Source of gastrointestinal bleed

There are multiple case series and case reports describing the efficacy of EUS-assisted hemostasis for venous bleeds [Sharma and Somasundaram, 2010; Rana et al. 2011; Krystallis et al. 2012; Kinzel et al. 2014; Gonzalez et al. 2012; Romero-Castro et al. 2007, 2013; Lahoti et al. 2000; Binmoeller et al. 2011; Law et al. 2014; Bhat et al. 2015; Lee et al. 2000], with minimal data on safety and efficacy of EUS-assisted hemostasis for arterial bleeds [Ribeiro et al. 2001; Law et al. 2014].

Technique

Echoendoscope

Radial- [Rana et al. 2011; Krystallis et al. 2012] or linear- array [Kinzel et al. 2014; Ribeiro et al. 2001; Gonzalez et al. 2012; Romero-Castro et al. 2007, 2013; Lahoti et al. 2000; Binmoeller et al. 2011; Law et al. 2014; Bhat et al. 2015] therapeutic echoendoscopes with color Doppler have been used by most endoscopists for localizing and targeting the feeding vessels.

Puncture needle

Both 19 gauge (G) [Kinzel et al. 2014; Gonzalez et al. 2012; Binmoeller et al. 2011; Romero-Castro et al. 2013; Bhat et al. 2015] and 22 G [Kinzel et al. 2014; Romero-Castro et al. 2007, 2013; Law et al. 2014; Bhat et al. 2015] fine needle aspiration (FNA) needles have been used most frequently for EUS-assisted coiling whereas a 22 G FNA needle has been preferred for EUS-assisted injection therapy (sclerosant, glue and desiccants).

Type of intervention

EUS increases endoscopists’ ability to better characterize the pathologic vascular lesion.
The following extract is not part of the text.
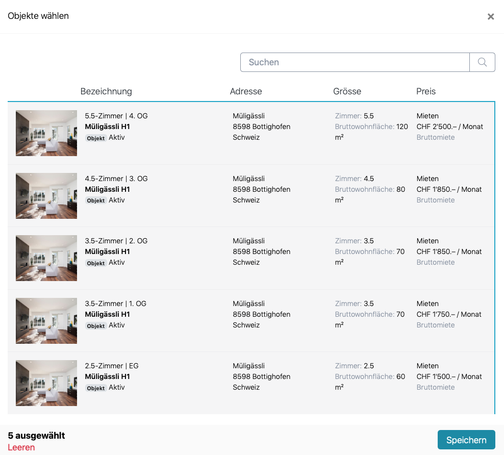 - Markieren Sie die entsprechenden Objekte, welche Sie der Liegenschaft hinzufügen wollen und klicken Sie auf Speichern.

It helps to localize the feeding blood vessel, which can be then targeted specifically. Authors have reported use of EUS-assisted injection therapy [Sharma and Somasundaram, 2010; Rana et al. 2011; Krystallis et al. 2012; Gonzalez et al. 2012; Romero-Castro et al. 2007, 2013; Lahoti et al. 2000; Law et al. 2014; Lee et al. 2000], coiling [Romero-Castro et al. 2013; Law et al. 2014], banding [Ribeiro et al. 2001; Law et al. 2014], thermal-contact therapy [Ribeiro et al. 2001] and combination therapies like glue injection and coiling [Kinzel et al. 2014; Binmoeller et al. 2011; Bhat et al. 2015], ethanol injection and band ligation [Law et al. 2014], or epinephrine injection along with snare ligation and polypectomy [Law et al. 2014]. A lot of diversity has been seen in the agent of use for the EUS-assisted injection therapy, ranging from glue therapy with histoacryl glue for rectal varix [Sharma and Somasundaram, 2010], N-butyl-2-cyanoacrylate for esophageal cancer [Law et al. 2014], gastroesophageal varix [Gonzalez et al. 2012; Romero-Castro et al. 2007, 2013; Lee et al. 2000], gastric GIST [Law et al. 2014], gastroduodenal artery malformation [Gonzalez et al. 2012], Dieulafoy lesion [Gonzalez et al. 2012], duodenal varix [Rana et al. 2011], duodenal ulcer [Law et al. 2014], and duodenal metastatic disease [Law et al. 2014]. 2-octyl-cyanoacrylate glue has been used successfully for duodenal and gastric varices [Kinzel et al. 2014; Binmoeller et al. 2011], while desiccants like alcohol have been used for duodenal metastatic disease [Law et al. 2014], pancreatic pseudoaneurysm [Law et al. 2014], rectum-invading prostate cancer [Law et al. 2014], and gastric Dieulafoy lesion [Ribeiro et al. 2001]. Sclerosants like sodium morrhuate have been used for esophageal varices [Lahoti et al. 2000], hyaluronate for gastric GIST [Law et al. 2014] and thrombin injections for duodenal varices [Krystallis et al. 2012]. There is a paucity of trials comparing the efficacy across different modes of EUS-assisted hemostasis. Romero-Castro and colleagues compared the EUS-assisted glue injection therapy against coiling as the method of achieving hemostasis and obliteration of blood flow for gastric varices. The study revealed that EUS-assisted coiling subgroup required fewer endoscopies and tended to have fewer adverse events than the glue-therapy subgroup [Romero-Castro et al. 2013].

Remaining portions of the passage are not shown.